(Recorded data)
★ ★ ★ ★ ★ ★ ★

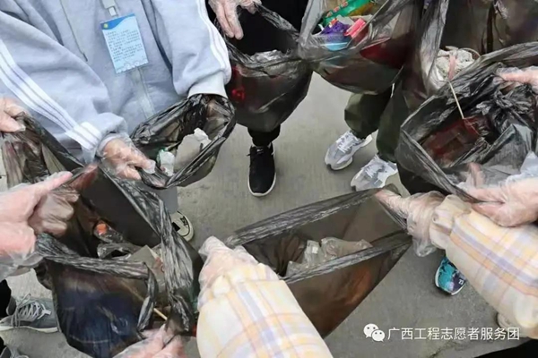 活动中,同学们不怕脏,不怕累,拾起街道上、绿化带中的白色塑料、纸屑、果皮、烟头等,最后将垃圾分类,放置对应的垃圾箱中。
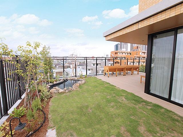 季節の花や野菜を植えたりと、ご入居者同士の憩いの場となっている広々としたスペースです。
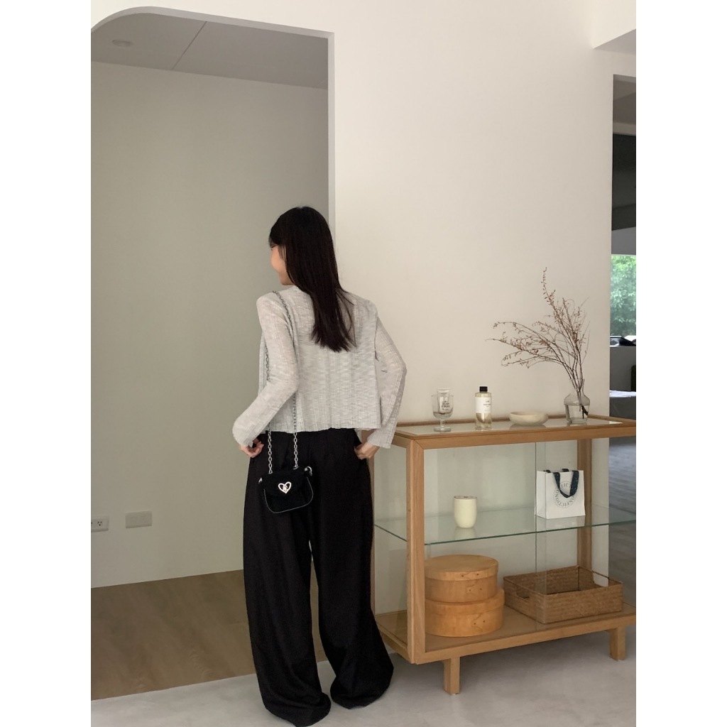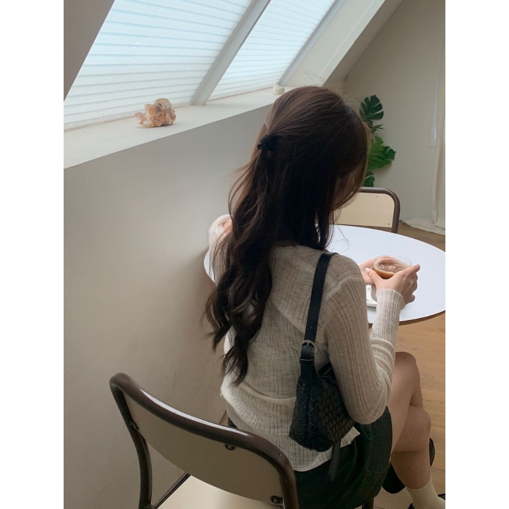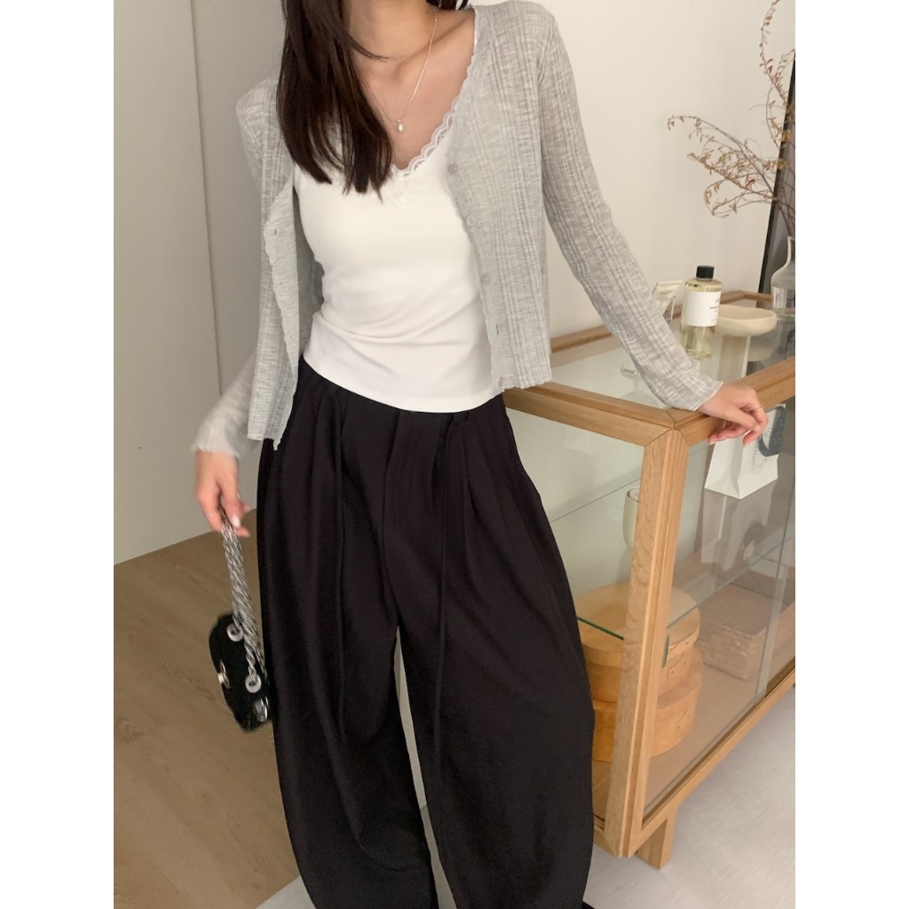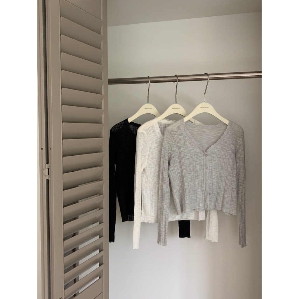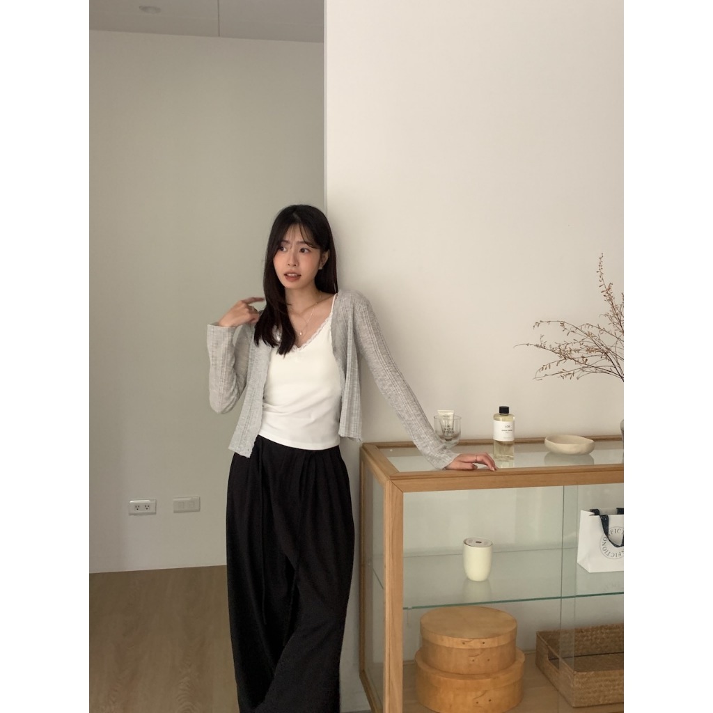 ※微V領紡紗罩衫 中長版 前真排扣 鈕扣貝殼光澤 領邊至鈕扣蕾絲花邊 有彈性 薄透
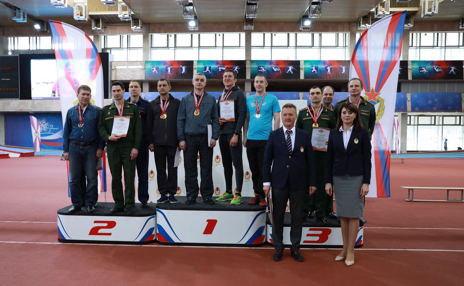 Заключительным этапом турнира стала красочная эстафета. Именно этот вид соревновательной программы наиболее шумно воспринимается болельщикам и членами команды, а сами участники делают последний рывок, выкладываясь на все 100 %. В награждении участников соревнований по легкой атлетике приняли участие серебряный призер Олимпийских игр по легкой атлетике капитан Наталья Иванова, чемпионка мира и Европы по легкой атлетике старший лейтенант Ксения Рыжова, а также руководство спортивной команды ЦСКА (по легкой атлетике) подполковник Елена Донькина, Михаил Вдовин и Андрей Крупорушников.
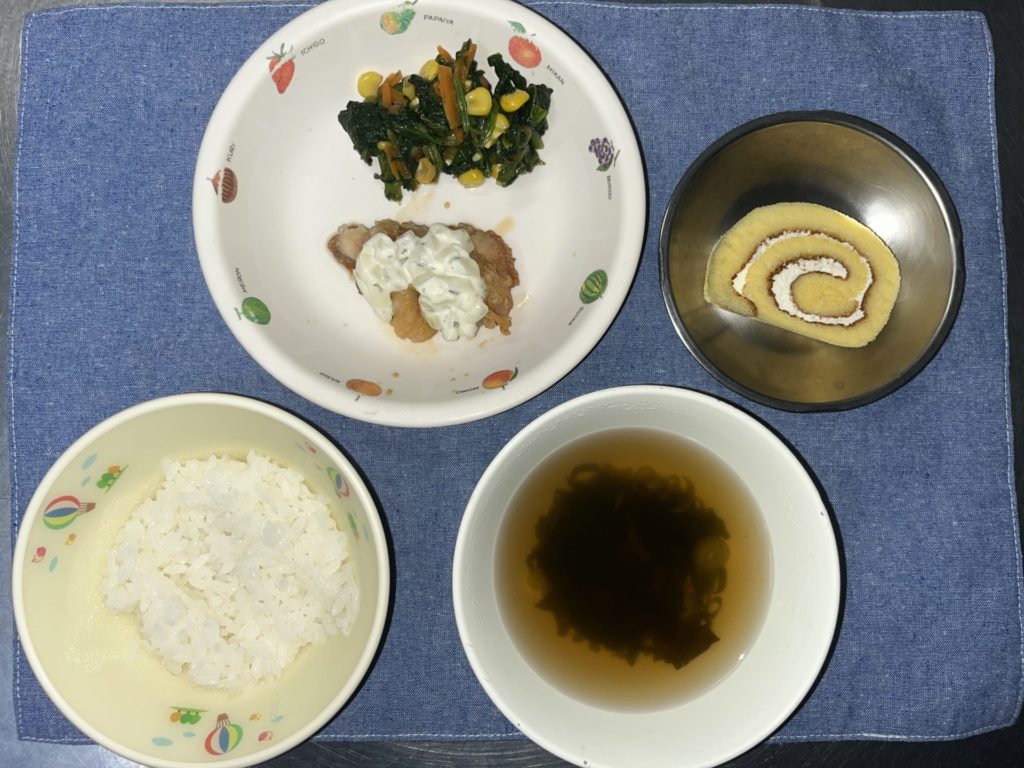 今日のお給食は、チキン南蛮、ほうれん草のおかか和え、ごはん、わかめスープでした。
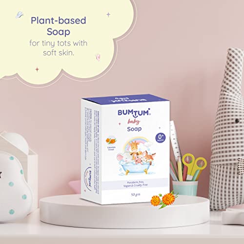 Bumtum Baby Soap with Goodness of Calendula extractParabens Free Vegan& Cruelty Free 50Gm Pack of 4
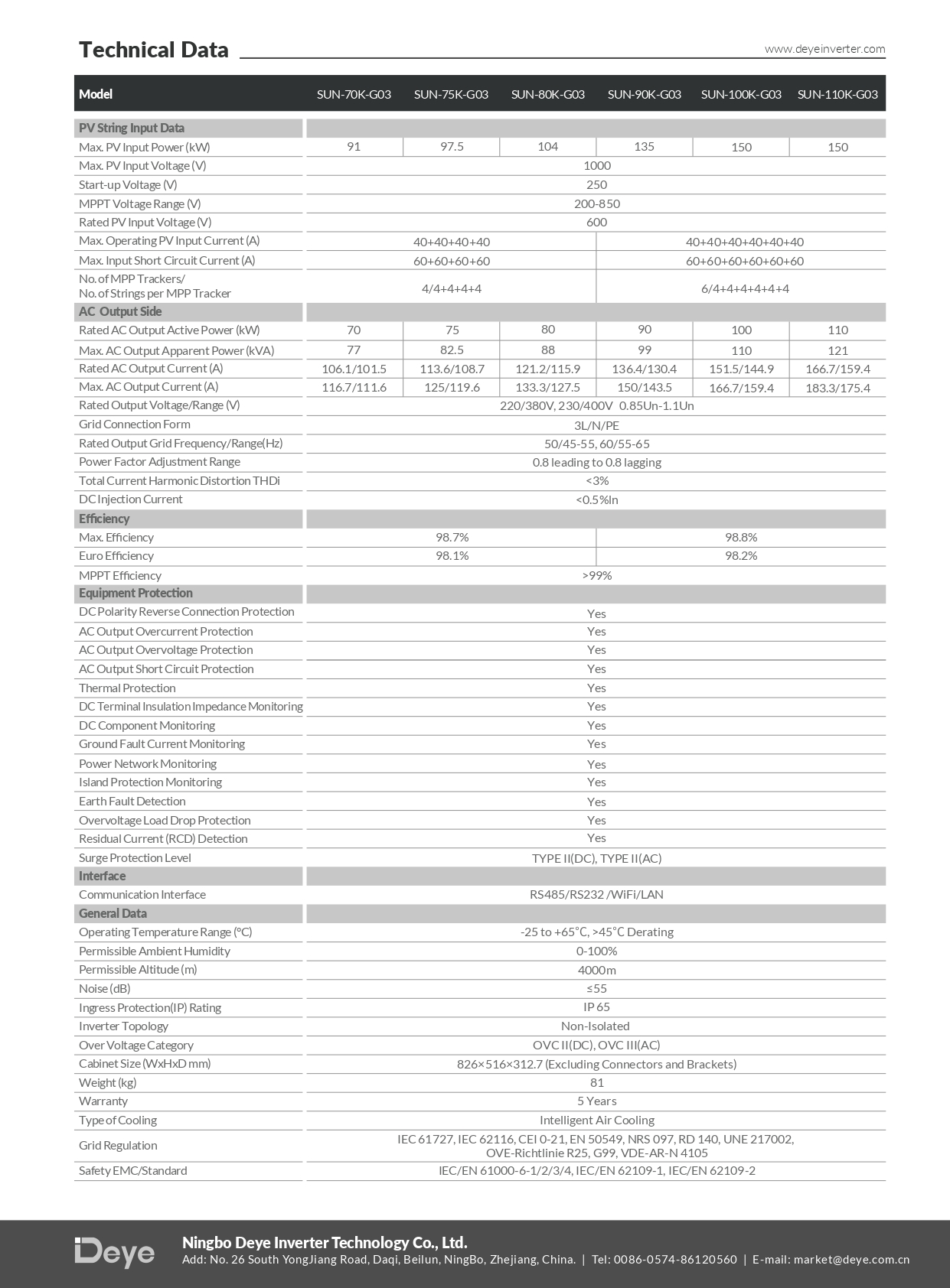 Three Phase String inverter 380V BIG SUN-100K-G03, SUN-110K-G03

★ ★ ★ ★ ★ ★ ★

** WHAT YOU NEED TO DO **
The entries above need an exact copy without their pictures.

** FINISHED EXERCISE **
 活动中,同学们不怕脏,不怕累,拾起街道上、绿化带中的白色塑料、纸屑、果皮、烟头等,最后将垃圾分类,放置对应的垃圾箱中。
 季節の花や野菜を植えたりと、ご入居者同士の憩いの場となっている広々としたスペースです。
 ※微V領紡紗罩衫 中長版 前真排扣 鈕扣貝殼光澤 領邊至鈕扣蕾絲花邊 有彈性 薄透
 Заключительным этапом турнира стала красочная эстафета. Именно этот вид соревновательной программы наиболее шумно воспринимается болельщикам и членами команды, а сами участники делают последний рывок, выкладываясь на все 100 %. В награждении участников соревнований по легкой атлетике приняли участие серебряный призер Олимпийских игр по легкой атлетике капитан Наталья Иванова, чемпионка мира и Европы по легкой атлетике старший лейтенант Ксения Рыжова, а также руководство спортивной команды ЦСКА (по легкой атлетике) подполковник Елена Донькина, Михаил Вдовин и Андрей Крупорушников.
 今日のお給食は、チキン南蛮、ほうれん草のおかか和え、ごはん、わかめスープでした。
 Bumtum Baby Soap with Goodness of Calendula extractParabens Free Vegan& Cruelty Free 50Gm Pack of 4
 Three Phase String inverter 380V BIG SUN-100K-G03, SUN-110K-G03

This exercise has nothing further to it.